Le virus du SIDA a un génome en ARN monocaténaire, quand il infecte une cellule son
ARN n’est pas épissé, le virus synthétise donc une protéine Rev qui possède une séquence
NES permettant transport du noyau vers cytosol et reconnaît certaines séquences de l’ARN
monocaténaire viral, ce qui permet le transfert de cet ARN non épissé à travers le pore.
2.3. Routage des protéines vers la mitochondrie
Les mitochondries sont des organites particuliers : ils possèdent leur matériel génétique,
leur propre machinerie de synthèse protéique. Il semble ne pas y avoir d’échange de
membrane avec les autres structures membranaires de la cellule. La majorité des protéines
constituant les mitochondries est souvent d’origine nucléaire. Au cours du cycle cellulaire, les
mitochondries seront multipliées par 2 afin d’éviter la dilution de ces organelles et
l’apparition de cellules sans mitochondries.
2 problèmes : routage et assemblage.
2.3.1. Mise en évidence de l’importation
On prend une cellule dont on isole les mitochondries, on incube ces mitochondries en
présence d’ARNm + extraits acellulaires + acides aminés radioactifs.
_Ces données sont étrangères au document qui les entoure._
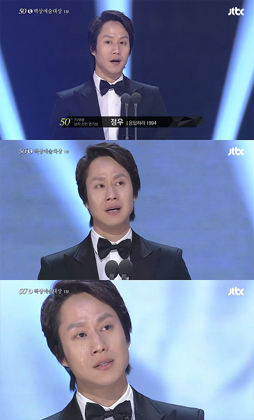 '백상예술대상' 정우 수상소감, 펑펑 우는데 내가 다 마음이 짠했다", "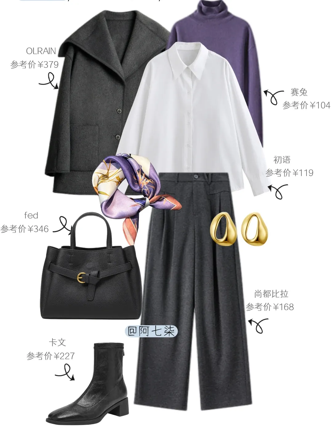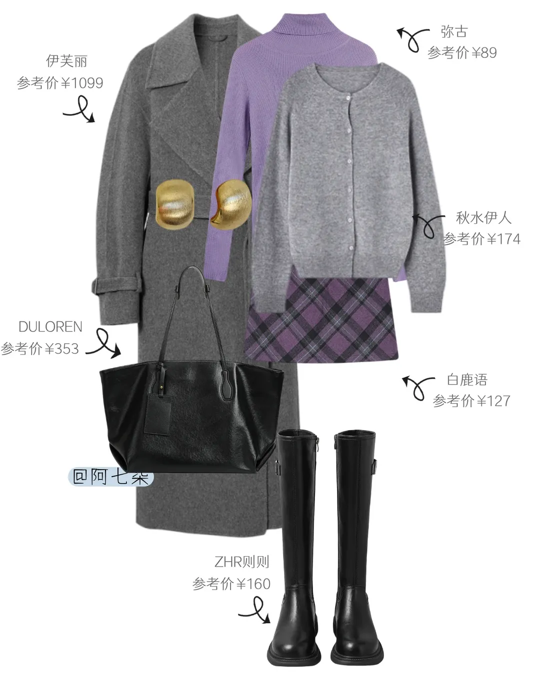 灰紫松弛系穿搭,灰的克制裹着紫的柔,把温柔显贵焊在了日常里。以低饱和灰作基底,揉进柔调紫调。灰大衣稳撑质感,或叠紫开衫配格纹围巾添暖调,或用白衬衫 + 紫毛衣露边做层次;下装不管是垂顺阔腿裤还是柔感半裙,都藏肉适配办公久坐节奏。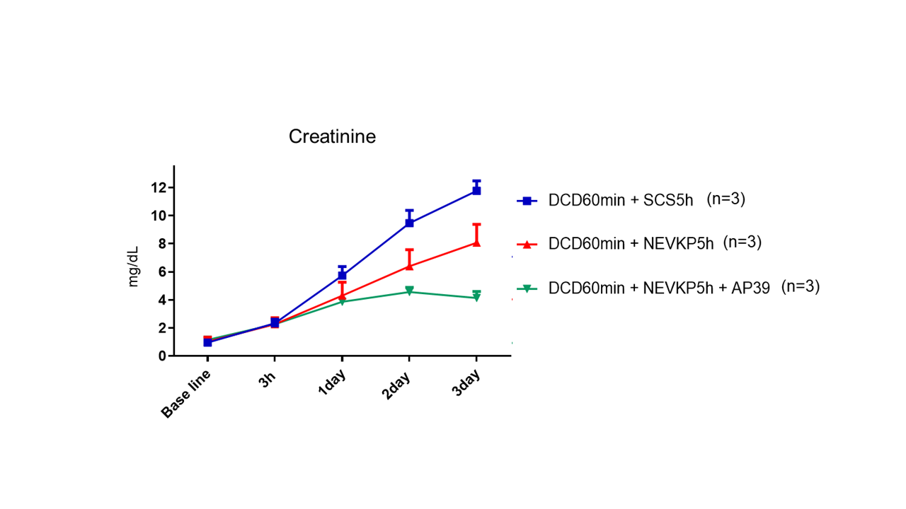 Results: All animals survived the follow-up period in all 3 groups. Grafts preserved with NEVKP had lower serum creatinine (SrCr) on postoperative day 3 compared to the SCS group. Treatment with NEVKP + AP39 further reduced SrCr when compared to the NEVKP group (SrCr SCS vs NEVKP vs NEVKP + AP39: 11.7±0.7 mg/dl vs 8.1±1.3 mg/dl vs 4.1±0.8 mg/dl, mean±SD). This was also true for BUN on postoperative day 3 (BUN SCS vs NEVKP vs NEVKP + AP39: 125±21.7 mg/dl vs 64.7±23.5 mg/dl vs 27.3±2.9 mg/dl). We have performed ATP assay analysis on biopsy-derived cell suspensions from SCS and NEVKP stored grafts. Both ATP levels were increased in the NEVKP group compared with SCS group at the time of pre-implantation (ATP SCS vs NEVKP: 25.6±10.6 nM/10000cells vs 114.8±10.3 nM/10000cells).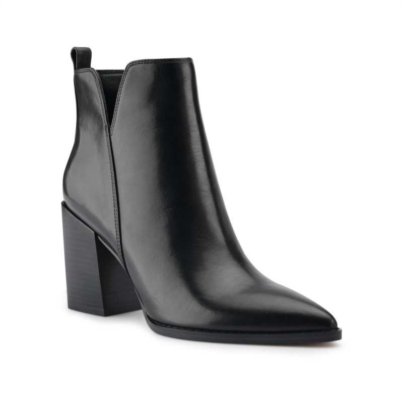Womens Birds Block Heel Leather Booties - Black Leather Nine West

Au bout de 3-4 minutes,
on peut voir que la radioactivité se trouve à l’intérieur de la mitochondrie.
On va enlever les protéines radioactives pour les mettre en présence de nouvelles
mitochondries, pas de résultats.
On en déduit que seules les protéines en cours de synthèse peuvent être dirigées vers les
mitochondries.
 Présence de séquence signal
Cette importation est assez rapide : 2 à 3 minutes et nécessite de l’énergie.
En comparant les protéines présentes dans la matrice mitochondriale avec leur précurseur,
on définit une séquence minimum de 12 acides aminés localisée en N-terminale de la
protéine.
Les protéines qui portent ces séquences sont prises en charge par des protéines chaperonnes
dès la sortie du ribosome. Ces protéines chaperonnes ont pour fonction de maintenir les
protéines dans un état déplié.
Cette structure (protéine dépliée, protéines chaperonnes) est reconnue au niveau de la
séquence signal par un récepteur localisé dans la membrane externe. Suite à cette interaction,
ce complexe rejoint des régions (sites de contact) où les deux membranes (interne et externe)
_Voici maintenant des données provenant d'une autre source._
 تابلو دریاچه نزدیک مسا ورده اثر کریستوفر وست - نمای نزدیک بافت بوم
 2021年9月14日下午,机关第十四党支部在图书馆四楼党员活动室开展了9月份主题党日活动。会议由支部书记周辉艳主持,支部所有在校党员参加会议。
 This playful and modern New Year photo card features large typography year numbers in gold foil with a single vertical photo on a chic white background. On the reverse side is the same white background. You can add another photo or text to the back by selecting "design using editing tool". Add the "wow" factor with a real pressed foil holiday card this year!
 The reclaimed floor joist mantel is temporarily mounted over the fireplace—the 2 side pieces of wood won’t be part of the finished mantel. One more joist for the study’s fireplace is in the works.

interagissent. Au niveau de ces régions, il va se créer un tunnel permettant le passage de la
protéine.
Les translocateurs : TOM et TIM
Ce sont des complexes protéiques :
- Translocator of the Outer Membrane (TOM)
- Translocator of the Inner Membrane (TIM) : TIM 23 et TIM 22
- Deux composants : récepteur pour les protéines mitochondriales précurseur et
canal translocateur
Deux énergies : l’ATP permettant dissociation des chaperonnes et de la protéine, et les
forces électriques permettant de faire rentrer la protéine dans la matrice, où la protéine va
s’associer à des chaperonnes mitochondriales qui vont l’amener à se conformer. Une
peptidase va la transformer en protéine mitochondriale mature.
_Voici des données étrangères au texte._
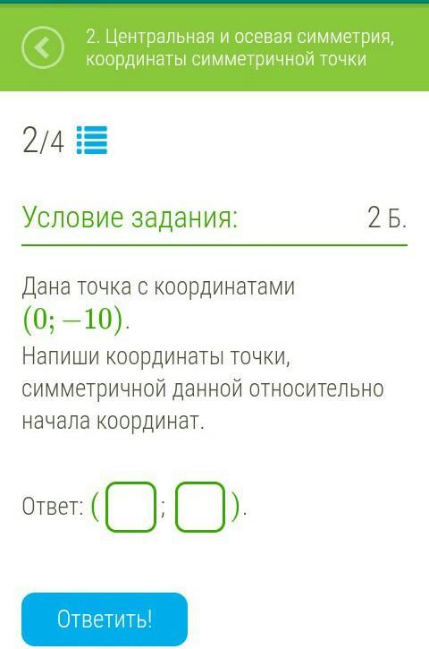Объяснение: Симметрия - это как отражение в зеркале,получилось что точка перешла на такие координаты,только с противоположным знаком.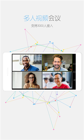 音视频会议:提供稳定流畅的多人音视频会议体验,支持电话入会,视频质量根据网络自适应调节。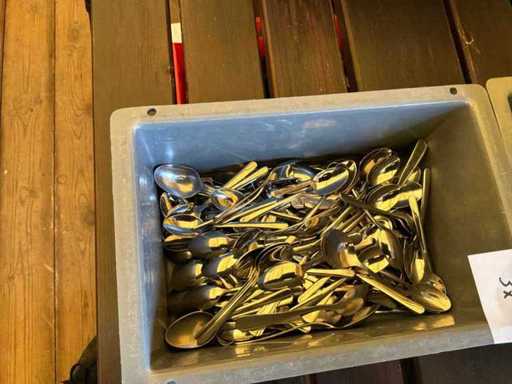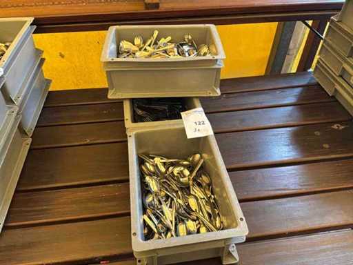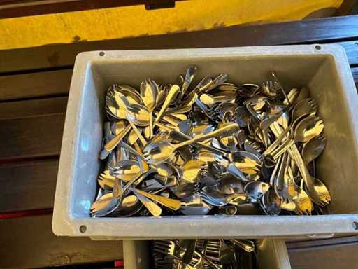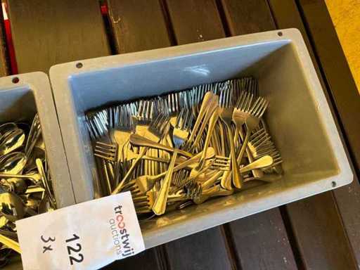 3x kist met dessertbestek waarvan 1x kist met koffielepels, 1x kist met dessertvorken, 1x kist met sporken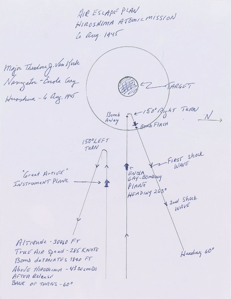 Detailed original signed ballpoint and pencil diagram sketch of the Enola Gay’s air escape plan on a white 8.5 x 11 sheet, signed in the upper left, “Major Theodore J. Van Kirk, Navigator—Enola Gay, Hiroshima—6 Aug. 1945.” Van Kirk has circled the target and drop zone, plotted the return courses for both the Enola Gay and the Great Artiste, and marked where the planes would experience the first and second shock waves of the blast. In the lower left corner he adds, “Altitude-30060 FT, True Air Speed–285 knots, Bomb detonates 1890 FT above Hiroshima—43 seconds after release, Bank of turns—60°.” In fine condition.

2.3.2. Insertion des protéines dans la membrane interne des mitochondries
Il y a nécessité de deux séquences signales, on va assister au clivage du peptide signal dans
la matrice.
 Apparition d’un peptide hydrophobe qui est reconnu par un récepteur dont le rôle
est l’insertion de protéines membranaires synthétisées à partir du génome
mitochondrial
2 séquences signal, pas de passage pour l’ARN matriciel.
Séquence STOP va permettre dissociation de TOM et TIM puis dissociation du complexe,
ce qui va permettre à la protéine d’entrer progressivement dans la matrice.